**PROMPT:** Everything from the first line of the data through the line with "宜興丁蜀鎮原礦大紅袍竹編週盤壺" is to be echoed exactly, minus the pictures.

**SOURCE DATA:**

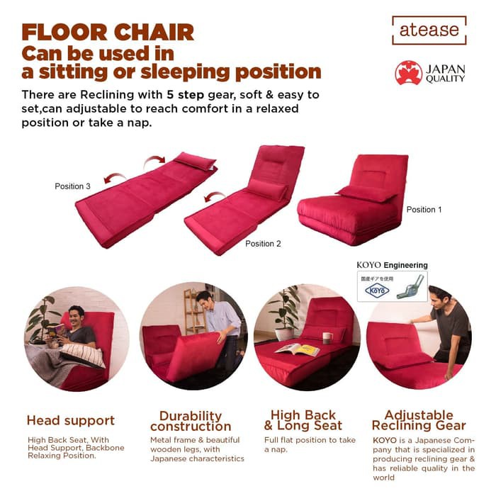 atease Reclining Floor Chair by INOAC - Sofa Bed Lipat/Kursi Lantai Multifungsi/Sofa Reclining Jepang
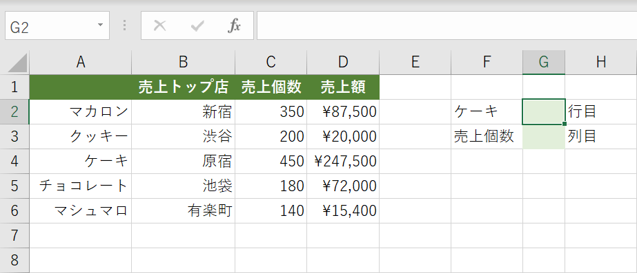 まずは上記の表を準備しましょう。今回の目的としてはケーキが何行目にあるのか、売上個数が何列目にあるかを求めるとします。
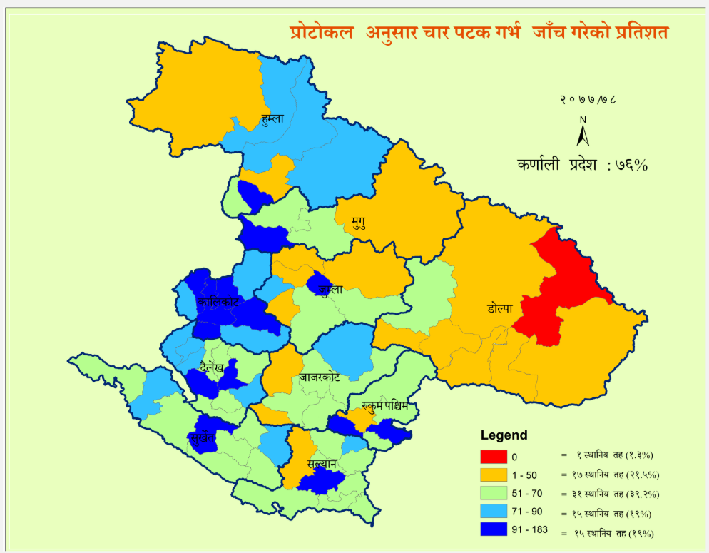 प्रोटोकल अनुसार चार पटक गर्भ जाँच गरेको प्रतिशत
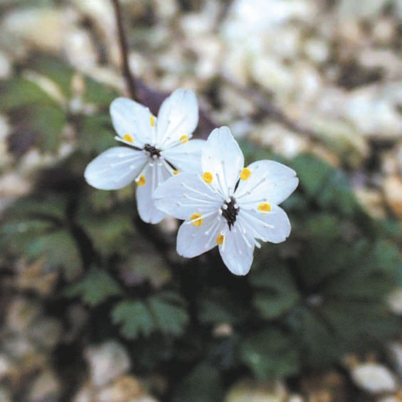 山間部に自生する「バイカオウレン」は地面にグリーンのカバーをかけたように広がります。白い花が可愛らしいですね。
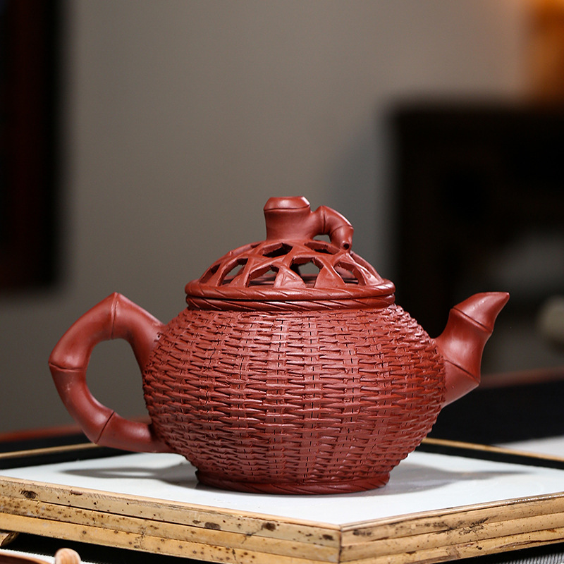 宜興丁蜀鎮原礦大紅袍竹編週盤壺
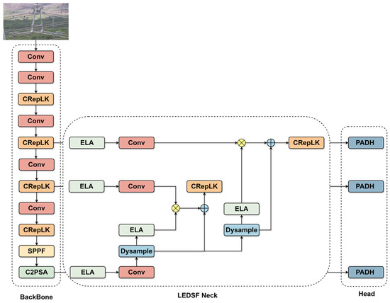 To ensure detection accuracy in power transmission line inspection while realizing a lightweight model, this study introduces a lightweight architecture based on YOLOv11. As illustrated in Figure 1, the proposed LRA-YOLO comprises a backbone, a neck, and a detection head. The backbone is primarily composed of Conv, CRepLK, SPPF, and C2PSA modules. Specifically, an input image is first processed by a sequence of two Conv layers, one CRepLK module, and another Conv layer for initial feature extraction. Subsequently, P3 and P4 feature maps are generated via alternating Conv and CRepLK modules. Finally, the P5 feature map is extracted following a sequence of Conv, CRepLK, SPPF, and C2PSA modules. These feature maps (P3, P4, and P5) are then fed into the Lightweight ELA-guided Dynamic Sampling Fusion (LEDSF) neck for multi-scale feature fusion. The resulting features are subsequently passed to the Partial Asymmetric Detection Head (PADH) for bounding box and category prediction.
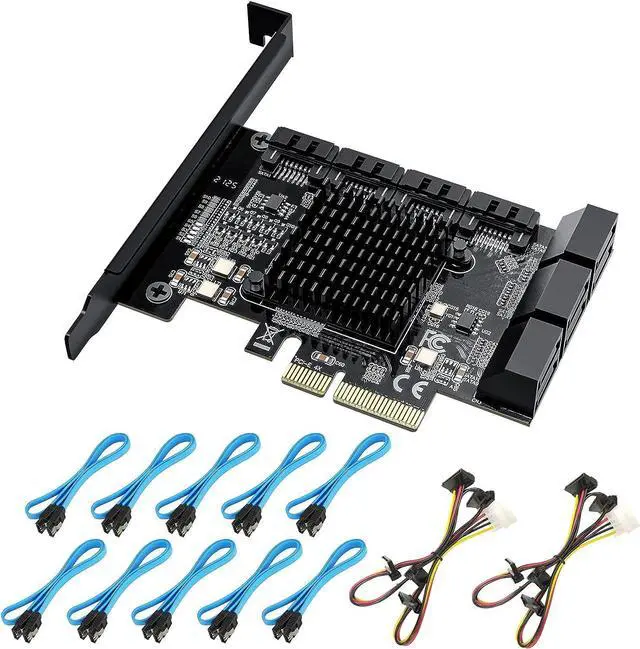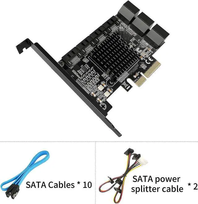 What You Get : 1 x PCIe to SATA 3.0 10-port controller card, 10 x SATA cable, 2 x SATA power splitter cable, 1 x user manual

**ANSWER SPACE:**
 atease Reclining Floor Chair by INOAC - Sofa Bed Lipat/Kursi Lantai Multifungsi/Sofa Reclining Jepang
 まずは上記の表を準備しましょう。今回の目的としてはケーキが何行目にあるのか、売上個数が何列目にあるかを求めるとします。
 प्रोटोकल अनुसार चार पटक गर्भ जाँच गरेको प्रतिशत
 山間部に自生する「バイカオウレン」は地面にグリーンのカバーをかけたように広がります。白い花が可愛らしいですね。
 宜興丁蜀鎮原礦大紅袍竹編週盤壺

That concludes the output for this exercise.